EXERCISE REQUIREMENTS
Retype, word for word, each line between the lines holding "a yer alan verilere" and "Fashion Simple 18k", inclusive, and leave the rest of the data alone.

SOURCE INFORMATION
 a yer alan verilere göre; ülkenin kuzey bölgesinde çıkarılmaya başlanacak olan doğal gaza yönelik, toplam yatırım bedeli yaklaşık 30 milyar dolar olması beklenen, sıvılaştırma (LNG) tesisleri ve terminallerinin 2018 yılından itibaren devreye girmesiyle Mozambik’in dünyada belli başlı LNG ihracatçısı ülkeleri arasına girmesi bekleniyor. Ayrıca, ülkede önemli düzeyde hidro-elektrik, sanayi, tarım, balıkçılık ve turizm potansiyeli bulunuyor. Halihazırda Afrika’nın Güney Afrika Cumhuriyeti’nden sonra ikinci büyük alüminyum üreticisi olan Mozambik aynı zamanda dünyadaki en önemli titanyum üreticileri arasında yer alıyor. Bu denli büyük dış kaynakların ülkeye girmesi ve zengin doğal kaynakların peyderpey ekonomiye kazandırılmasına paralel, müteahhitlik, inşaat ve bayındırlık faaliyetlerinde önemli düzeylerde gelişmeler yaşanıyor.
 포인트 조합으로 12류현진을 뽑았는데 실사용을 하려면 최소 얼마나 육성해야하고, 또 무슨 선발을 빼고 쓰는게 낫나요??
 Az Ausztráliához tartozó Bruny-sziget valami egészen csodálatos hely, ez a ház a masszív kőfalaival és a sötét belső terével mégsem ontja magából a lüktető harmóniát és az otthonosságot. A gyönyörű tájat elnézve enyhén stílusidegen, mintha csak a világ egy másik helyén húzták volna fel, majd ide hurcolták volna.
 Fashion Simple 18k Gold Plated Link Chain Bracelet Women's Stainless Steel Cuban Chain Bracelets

--

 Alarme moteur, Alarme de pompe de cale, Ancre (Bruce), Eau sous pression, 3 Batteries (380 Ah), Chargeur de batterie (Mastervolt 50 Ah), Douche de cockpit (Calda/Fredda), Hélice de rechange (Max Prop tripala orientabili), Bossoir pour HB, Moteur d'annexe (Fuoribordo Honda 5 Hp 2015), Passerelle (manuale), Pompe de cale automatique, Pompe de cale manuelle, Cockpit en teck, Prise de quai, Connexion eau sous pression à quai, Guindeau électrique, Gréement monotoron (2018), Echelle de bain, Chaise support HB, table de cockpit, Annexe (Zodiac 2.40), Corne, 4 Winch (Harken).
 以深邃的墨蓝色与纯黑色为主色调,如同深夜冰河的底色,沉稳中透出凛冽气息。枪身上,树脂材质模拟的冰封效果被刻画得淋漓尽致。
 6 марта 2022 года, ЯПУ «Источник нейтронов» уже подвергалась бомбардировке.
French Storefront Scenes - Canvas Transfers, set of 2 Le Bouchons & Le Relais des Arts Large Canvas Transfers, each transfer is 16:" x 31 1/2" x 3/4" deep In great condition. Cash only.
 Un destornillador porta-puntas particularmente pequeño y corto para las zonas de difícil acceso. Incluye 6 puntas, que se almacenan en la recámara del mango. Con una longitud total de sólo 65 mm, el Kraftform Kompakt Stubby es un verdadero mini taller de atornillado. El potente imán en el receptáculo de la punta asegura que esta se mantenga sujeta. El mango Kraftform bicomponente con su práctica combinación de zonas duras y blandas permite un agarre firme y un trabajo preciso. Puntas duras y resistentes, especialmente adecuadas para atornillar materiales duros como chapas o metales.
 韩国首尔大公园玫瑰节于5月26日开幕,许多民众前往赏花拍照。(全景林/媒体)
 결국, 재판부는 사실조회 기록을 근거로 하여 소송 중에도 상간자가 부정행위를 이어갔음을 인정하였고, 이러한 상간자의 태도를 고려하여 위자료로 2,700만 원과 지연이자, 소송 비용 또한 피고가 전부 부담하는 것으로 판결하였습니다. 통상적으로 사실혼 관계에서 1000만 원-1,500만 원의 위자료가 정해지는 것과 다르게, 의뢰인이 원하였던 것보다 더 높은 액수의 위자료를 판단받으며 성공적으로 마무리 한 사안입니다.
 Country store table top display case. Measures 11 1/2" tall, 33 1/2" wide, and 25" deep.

RESULT OF THIS TASK
 a yer alan verilere göre; ülkenin kuzey bölgesinde çıkarılmaya başlanacak olan doğal gaza yönelik, toplam yatırım bedeli yaklaşık 30 milyar dolar olması beklenen, sıvılaştırma (LNG) tesisleri ve terminallerinin 2018 yılından itibaren devreye girmesiyle Mozambik’in dünyada belli başlı LNG ihracatçısı ülkeleri arasına girmesi bekleniyor. Ayrıca, ülkede önemli düzeyde hidro-elektrik, sanayi, tarım, balıkçılık ve turizm potansiyeli bulunuyor. Halihazırda Afrika’nın Güney Afrika Cumhuriyeti’nden sonra ikinci büyük alüminyum üreticisi olan Mozambik aynı zamanda dünyadaki en önemli titanyum üreticileri arasında yer alıyor. Bu denli büyük dış kaynakların ülkeye girmesi ve zengin doğal kaynakların peyderpey ekonomiye kazandırılmasına paralel, müteahhitlik, inşaat ve bayındırlık faaliyetlerinde önemli düzeylerde gelişmeler yaşanıyor.
 포인트 조합으로 12류현진을 뽑았는데 실사용을 하려면 최소 얼마나 육성해야하고, 또 무슨 선발을 빼고 쓰는게 낫나요??
 Az Ausztráliához tartozó Bruny-sziget valami egészen csodálatos hely, ez a ház a masszív kőfalaival és a sötét belső terével mégsem ontja magából a lüktető harmóniát és az otthonosságot. A gyönyörű tájat elnézve enyhén stílusidegen, mintha csak a világ egy másik helyén húzták volna fel, majd ide hurcolták volna.
 Fashion Simple 18k Gold Plated Link Chain Bracelet Women's Stainless Steel Cuban Chain Bracelets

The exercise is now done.